The American Gem Society (AGS) is a trade association of retail jewelers, independent appraisers, suppliers, and selective industry members, which was founded in 1934 by Robert M. Shipley.

The Society is based in Las Vegas, Nevada, along with the affiliated American Gem Society Laboratories (AGSL) (founded in 1996) and the American Gem Society Advanced Instruments Division (founded in 2004).

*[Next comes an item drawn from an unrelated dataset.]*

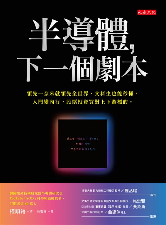 內容簡介 ◎封裝是半導體產業中的低科技?錯,封裝是鋼鐵人動力服,是業者決勝關鍵。 ◎為什麼手機越來越小,功能卻能變強?因為「微縮」技術,台積電全球最強。 ◎石墨烯為何被稱為「神之材料」?未來可以用在半導體上嗎? ◎哪家企業左右全球半導體市場?台積電還是三星?其實是設備大廠艾司摩爾。 本書作者權順鎔,韓國生產技術研究院的半導體與封裝材料研究員。 同時經營YouTube「SOD」科學頻道,訂閱者近60萬人。 他最厲害之處,就是能用生活實例, 解釋這個左右全球經濟命脈、但又小到你根本看不見的半導體。 像是多數人聽來都霧煞煞的半導體八大製程,他就用刻雕像來比喻: 先準備一大塊四方形的大理石(晶圓製程),然後在表面上塗料(氧化製程), 再用雕刻刀與槌子(氟化氫)刻出大致的形狀。 過程中你可能會刻錯,所以需要準備尺(光罩)等工具來輔助, 最後再細細的修出線條(微影製成)……。 他還用蓋房子、接水管,來比喻半導體目前遇到的物理限制, 用切披薩的原理來描述產能,用《航海王》的故事來比喻怪物晶片, 再搭配簡單易懂的圖解,文科生看了秒懂,股票族能聽懂產業分析, 買對上下游投資標的。 ◎半導體,領先一奈米就領先世界 想讓智慧型手機變小,半導體就得「微縮」到奈米, iPhone 13搭載的A15仿生晶片,就由台積電利用「5奈米」製程打造, 5奈米有多大?長寬都只有1公分,但上面卻要放上億個元件, 難怪許多人將半導體比喻為一幅最精細、優雅的畫作。 ◎哪些科技未來最會賺?股票族如何布局? 物聯網時代的主角,是感測器,每輛汽車平均有300個感測器,目前特斯拉最多; 最新半導體材料——量子點,做出的顯示器厚度只有5.5微米,你可以穿在身上。 聽過「怪物晶片」嗎?有個超級電腦以能算出「打噴嚏時病毒會如何散播」聞名。 ◎往後10年,半導體的下一個劇本 三星電子的三進位半導體若成功商業化,以後手機充一次電,就能用1,000天。 只要靠一滴水,也能點亮LED?以蒸散作用驅動的發電機已進入研發階段。 討論度越來越高的鈣鈦礦太陽能電池,也不容忽視, 厚度是現有電池的六十分之一,特別適合用在穿戴型裝置上。 本書含括半導體科學原理、最新技術、相關市場動向與展望, 文科生也能秒懂,股票族買對上下游投資標的。

The Society trains and certifies jewelers, gemologists, and jewelry appraisers. Diamond grading is a specialty of the American Gem Society Laboratories and the Society has developed its own cut, color, and clarity standards.

==History==
The AGS was created by Robert M. Shipley. During the 1920s, Shipley was operating quite successfully as a jeweler. However, despite his years in the industry, his lack of expertise regarding gems and jewelry was revealed to him by a pair of his best customers. Humbled by this revelation, Shipley realized that this was a big problem among American jewelers, one which likely accounted for much of the public's distrust for the profession at the time.
Shipley lost his jewelry stores in a divorce and went to Europe, where he completed the Great Britain National Association of Goldsmiths gemological correspondence course. He brought his newfound expertise back to Los Angeles, where he founded his own preliminary course in gemology on September 16, 1930. For the next few years, he worked to promote the need for gemological education and train a new breed of "certified" jewelers. These jewelers would form the foundation of the Gemological Institute of America (GIA), and later the AGS.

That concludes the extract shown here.